High quality low footprint Concatenative Text-To-Speech (CTTS) synthesizers provide a persistent challenge in the field of speech processing. The spectral parameters representing the short speech segments, used in the concatenation process, constitute a large portion of the required memory. In this work we propose algorithms for (re)compression of this previously compressed data, stored in 3D acoustic leaves. We require that the algorithms be generic, so that they may be applied for (re)compression of other data that is stored in 3D units or structures that exhibit some redundancy, primarily due to temporal evolution, but possibly along all three axes. Since the requirement for small footprint, i.e., small memory consumption, often corresponds to devices with limited resources, we also limit the algorithms to have low decoding complexity.

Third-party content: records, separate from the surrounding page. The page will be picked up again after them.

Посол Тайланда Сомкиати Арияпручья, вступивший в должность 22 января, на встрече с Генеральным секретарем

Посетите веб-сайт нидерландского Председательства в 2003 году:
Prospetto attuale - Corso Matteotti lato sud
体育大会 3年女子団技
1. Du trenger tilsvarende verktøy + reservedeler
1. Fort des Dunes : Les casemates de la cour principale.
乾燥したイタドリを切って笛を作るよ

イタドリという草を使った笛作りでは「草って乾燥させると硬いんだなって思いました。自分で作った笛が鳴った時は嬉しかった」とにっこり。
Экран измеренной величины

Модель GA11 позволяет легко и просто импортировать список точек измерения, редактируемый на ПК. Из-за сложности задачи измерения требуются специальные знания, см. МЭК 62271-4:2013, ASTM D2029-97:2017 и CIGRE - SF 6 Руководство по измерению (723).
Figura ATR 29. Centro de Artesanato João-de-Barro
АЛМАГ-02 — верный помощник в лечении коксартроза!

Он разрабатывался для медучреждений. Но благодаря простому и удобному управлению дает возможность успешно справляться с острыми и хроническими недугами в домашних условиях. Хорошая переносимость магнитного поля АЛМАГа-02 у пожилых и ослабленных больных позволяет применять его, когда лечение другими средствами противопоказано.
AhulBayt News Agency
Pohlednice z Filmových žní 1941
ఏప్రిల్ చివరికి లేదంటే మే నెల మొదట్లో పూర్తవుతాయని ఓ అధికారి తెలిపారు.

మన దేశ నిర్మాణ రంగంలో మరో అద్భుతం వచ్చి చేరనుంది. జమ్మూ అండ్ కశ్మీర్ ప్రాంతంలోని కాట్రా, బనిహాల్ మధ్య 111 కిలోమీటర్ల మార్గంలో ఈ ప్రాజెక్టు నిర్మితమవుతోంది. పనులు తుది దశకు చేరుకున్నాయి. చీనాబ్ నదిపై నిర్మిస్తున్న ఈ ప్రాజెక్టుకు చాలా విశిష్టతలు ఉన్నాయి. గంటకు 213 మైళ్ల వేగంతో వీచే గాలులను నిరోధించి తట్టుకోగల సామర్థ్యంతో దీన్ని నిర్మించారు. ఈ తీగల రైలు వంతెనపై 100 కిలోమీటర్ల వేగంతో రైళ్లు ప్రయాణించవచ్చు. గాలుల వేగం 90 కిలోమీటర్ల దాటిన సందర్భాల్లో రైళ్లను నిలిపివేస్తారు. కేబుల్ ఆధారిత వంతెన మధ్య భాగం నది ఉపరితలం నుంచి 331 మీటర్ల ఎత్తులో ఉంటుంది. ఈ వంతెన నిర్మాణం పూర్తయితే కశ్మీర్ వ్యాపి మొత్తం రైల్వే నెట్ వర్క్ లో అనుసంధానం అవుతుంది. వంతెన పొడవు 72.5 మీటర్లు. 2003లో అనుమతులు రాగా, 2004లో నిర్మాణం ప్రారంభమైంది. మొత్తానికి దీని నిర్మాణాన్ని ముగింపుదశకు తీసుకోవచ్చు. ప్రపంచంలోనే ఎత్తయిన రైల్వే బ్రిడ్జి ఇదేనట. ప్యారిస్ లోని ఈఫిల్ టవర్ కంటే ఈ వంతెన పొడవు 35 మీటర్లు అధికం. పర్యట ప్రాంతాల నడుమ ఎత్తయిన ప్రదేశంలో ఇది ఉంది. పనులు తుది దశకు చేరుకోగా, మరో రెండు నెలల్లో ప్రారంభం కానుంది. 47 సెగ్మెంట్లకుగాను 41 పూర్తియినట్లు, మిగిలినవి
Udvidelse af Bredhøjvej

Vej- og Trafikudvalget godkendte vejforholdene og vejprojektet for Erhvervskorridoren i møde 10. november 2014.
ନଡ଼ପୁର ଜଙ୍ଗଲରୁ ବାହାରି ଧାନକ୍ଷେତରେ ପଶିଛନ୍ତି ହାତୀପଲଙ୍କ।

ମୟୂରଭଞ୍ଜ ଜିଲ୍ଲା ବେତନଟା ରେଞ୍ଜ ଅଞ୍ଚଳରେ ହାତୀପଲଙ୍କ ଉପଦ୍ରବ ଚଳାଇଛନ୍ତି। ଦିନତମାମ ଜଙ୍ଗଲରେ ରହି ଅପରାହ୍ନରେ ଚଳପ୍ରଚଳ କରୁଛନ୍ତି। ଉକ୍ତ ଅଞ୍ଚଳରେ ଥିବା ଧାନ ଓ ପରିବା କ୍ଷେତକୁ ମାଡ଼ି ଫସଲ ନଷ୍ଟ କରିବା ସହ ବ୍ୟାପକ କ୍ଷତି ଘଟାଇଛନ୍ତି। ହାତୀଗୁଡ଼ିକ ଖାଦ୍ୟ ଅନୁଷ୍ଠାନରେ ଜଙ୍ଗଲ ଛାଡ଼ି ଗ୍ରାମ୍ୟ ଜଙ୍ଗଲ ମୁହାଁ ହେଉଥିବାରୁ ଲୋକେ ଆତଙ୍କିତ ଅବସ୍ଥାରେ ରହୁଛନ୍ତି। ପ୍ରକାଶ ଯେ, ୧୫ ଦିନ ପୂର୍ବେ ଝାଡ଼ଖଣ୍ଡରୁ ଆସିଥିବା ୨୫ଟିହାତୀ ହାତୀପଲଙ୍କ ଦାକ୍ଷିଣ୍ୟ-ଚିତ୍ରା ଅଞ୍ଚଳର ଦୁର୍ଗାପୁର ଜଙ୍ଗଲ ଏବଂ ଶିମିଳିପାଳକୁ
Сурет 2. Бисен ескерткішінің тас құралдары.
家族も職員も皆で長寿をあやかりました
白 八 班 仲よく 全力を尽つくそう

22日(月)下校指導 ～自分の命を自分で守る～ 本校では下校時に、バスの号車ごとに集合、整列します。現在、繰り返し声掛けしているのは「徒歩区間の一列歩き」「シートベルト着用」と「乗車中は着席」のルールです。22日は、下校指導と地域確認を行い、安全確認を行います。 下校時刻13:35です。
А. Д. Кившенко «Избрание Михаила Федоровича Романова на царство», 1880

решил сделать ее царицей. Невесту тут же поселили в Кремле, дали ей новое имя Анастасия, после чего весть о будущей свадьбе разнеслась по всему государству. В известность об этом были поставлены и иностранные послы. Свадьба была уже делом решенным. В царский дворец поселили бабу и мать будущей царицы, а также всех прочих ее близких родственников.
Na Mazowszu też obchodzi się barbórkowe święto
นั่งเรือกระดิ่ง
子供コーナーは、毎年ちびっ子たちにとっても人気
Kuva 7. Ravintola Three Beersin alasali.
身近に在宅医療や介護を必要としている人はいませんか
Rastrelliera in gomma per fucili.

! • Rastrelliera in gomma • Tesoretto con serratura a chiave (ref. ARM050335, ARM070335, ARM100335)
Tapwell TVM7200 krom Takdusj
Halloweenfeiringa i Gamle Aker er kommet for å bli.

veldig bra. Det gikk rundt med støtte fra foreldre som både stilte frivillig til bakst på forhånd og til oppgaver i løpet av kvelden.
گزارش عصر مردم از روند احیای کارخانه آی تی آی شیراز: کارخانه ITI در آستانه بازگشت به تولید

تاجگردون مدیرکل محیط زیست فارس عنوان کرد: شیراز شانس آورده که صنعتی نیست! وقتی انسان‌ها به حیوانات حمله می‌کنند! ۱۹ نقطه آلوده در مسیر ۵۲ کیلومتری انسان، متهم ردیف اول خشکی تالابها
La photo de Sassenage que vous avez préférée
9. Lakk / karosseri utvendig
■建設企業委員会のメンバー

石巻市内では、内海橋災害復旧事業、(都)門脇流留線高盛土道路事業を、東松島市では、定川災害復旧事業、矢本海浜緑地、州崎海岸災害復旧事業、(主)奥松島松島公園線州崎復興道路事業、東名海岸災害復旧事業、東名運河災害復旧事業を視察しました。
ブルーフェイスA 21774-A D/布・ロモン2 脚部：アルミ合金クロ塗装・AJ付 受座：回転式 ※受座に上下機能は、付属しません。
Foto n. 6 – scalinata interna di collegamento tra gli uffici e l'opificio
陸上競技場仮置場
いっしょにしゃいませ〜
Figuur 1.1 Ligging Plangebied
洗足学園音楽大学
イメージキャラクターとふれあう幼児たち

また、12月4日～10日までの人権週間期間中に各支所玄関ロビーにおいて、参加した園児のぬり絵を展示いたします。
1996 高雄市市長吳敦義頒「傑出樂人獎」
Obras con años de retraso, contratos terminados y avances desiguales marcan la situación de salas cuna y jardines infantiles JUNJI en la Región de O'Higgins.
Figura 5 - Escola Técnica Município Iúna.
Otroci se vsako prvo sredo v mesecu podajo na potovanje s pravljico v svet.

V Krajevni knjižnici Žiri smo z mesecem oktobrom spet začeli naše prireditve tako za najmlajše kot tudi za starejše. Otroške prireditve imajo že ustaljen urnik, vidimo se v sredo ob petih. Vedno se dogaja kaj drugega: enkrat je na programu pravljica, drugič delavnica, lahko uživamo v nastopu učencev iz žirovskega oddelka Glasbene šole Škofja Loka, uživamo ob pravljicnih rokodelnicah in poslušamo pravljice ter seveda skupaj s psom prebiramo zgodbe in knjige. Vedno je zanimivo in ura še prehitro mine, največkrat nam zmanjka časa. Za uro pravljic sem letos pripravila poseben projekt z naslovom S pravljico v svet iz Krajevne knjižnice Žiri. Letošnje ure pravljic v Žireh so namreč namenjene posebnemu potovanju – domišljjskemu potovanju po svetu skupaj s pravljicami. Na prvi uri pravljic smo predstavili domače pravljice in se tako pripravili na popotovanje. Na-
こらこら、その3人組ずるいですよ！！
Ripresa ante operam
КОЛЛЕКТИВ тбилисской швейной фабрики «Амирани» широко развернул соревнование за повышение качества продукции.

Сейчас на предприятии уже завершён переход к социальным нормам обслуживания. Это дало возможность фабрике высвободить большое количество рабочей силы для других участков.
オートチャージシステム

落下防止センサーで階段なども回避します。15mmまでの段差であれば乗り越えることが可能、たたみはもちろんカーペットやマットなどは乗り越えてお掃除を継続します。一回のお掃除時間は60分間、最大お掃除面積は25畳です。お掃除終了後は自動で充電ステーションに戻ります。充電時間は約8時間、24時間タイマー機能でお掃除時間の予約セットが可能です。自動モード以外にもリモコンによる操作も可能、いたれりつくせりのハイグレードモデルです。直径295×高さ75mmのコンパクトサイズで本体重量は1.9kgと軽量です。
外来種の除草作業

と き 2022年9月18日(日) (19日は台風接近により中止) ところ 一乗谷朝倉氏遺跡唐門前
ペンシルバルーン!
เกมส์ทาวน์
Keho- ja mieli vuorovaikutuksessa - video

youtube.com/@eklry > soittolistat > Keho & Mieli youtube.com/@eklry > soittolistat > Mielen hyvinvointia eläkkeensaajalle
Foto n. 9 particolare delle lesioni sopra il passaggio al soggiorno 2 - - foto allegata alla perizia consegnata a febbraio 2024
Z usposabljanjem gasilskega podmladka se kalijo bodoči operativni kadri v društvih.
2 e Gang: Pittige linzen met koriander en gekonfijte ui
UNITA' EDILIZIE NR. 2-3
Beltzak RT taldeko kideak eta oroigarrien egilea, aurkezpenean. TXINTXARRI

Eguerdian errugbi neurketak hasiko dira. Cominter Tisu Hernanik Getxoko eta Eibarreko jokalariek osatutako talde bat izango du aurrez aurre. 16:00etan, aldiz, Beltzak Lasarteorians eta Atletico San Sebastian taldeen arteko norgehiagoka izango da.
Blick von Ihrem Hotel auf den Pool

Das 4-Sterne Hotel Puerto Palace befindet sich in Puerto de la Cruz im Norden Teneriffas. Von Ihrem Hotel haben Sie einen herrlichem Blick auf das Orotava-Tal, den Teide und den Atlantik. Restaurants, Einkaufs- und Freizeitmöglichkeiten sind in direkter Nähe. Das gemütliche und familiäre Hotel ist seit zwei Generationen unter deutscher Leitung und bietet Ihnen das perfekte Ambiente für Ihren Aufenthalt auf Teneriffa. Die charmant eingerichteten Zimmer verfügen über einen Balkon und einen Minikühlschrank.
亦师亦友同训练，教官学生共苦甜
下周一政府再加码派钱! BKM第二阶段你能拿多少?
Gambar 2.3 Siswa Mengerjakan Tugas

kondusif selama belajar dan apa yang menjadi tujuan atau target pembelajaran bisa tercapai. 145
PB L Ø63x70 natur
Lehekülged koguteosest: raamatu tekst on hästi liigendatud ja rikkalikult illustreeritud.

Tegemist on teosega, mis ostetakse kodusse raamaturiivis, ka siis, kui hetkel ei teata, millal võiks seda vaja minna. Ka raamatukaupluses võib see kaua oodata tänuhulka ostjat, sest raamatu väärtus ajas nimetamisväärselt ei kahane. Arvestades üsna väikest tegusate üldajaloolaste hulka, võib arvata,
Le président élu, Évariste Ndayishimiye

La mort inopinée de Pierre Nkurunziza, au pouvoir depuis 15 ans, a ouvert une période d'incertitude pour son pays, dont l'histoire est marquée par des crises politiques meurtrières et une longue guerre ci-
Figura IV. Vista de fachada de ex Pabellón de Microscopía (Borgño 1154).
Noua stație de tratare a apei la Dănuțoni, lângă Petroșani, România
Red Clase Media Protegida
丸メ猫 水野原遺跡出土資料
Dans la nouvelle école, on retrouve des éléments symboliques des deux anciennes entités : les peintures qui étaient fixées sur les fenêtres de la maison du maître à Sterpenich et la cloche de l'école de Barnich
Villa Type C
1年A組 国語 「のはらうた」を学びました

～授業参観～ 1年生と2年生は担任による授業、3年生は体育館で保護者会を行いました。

We propose two (re)compression approaches. The first is an algorithm from the family of Temporal Decomposition, which aims to minimize temporal redundancy between consecutive frames. We use Polynomial TD and perform data segmentation and polynomial order selection adaptively using a generalized trellis scheme. The second approach is based on 3D-Shape Adaptive DCT that removes redundancies in all three dimensions. This approach requires design of quantizers for 3D data, which we address by developing a methodical bit-allocation and splitting algorithm. We also propose a segment reordering algorithm, which may be applied before the (re)compression, to order the speech segments in a manner that will maximize overall performance. The proposed algorithms were evaluated on an IBM small footprint CTTS system, and enabled reduction of the stored amplitude spectral parameters (the main contributor to the footprint) by a factor of 2, without compromising the perceptual quality of the obtained speech. While we tested the proposed algorithms on a specific setup, they are expected to apply to a variety of 3D (re)compression challenges.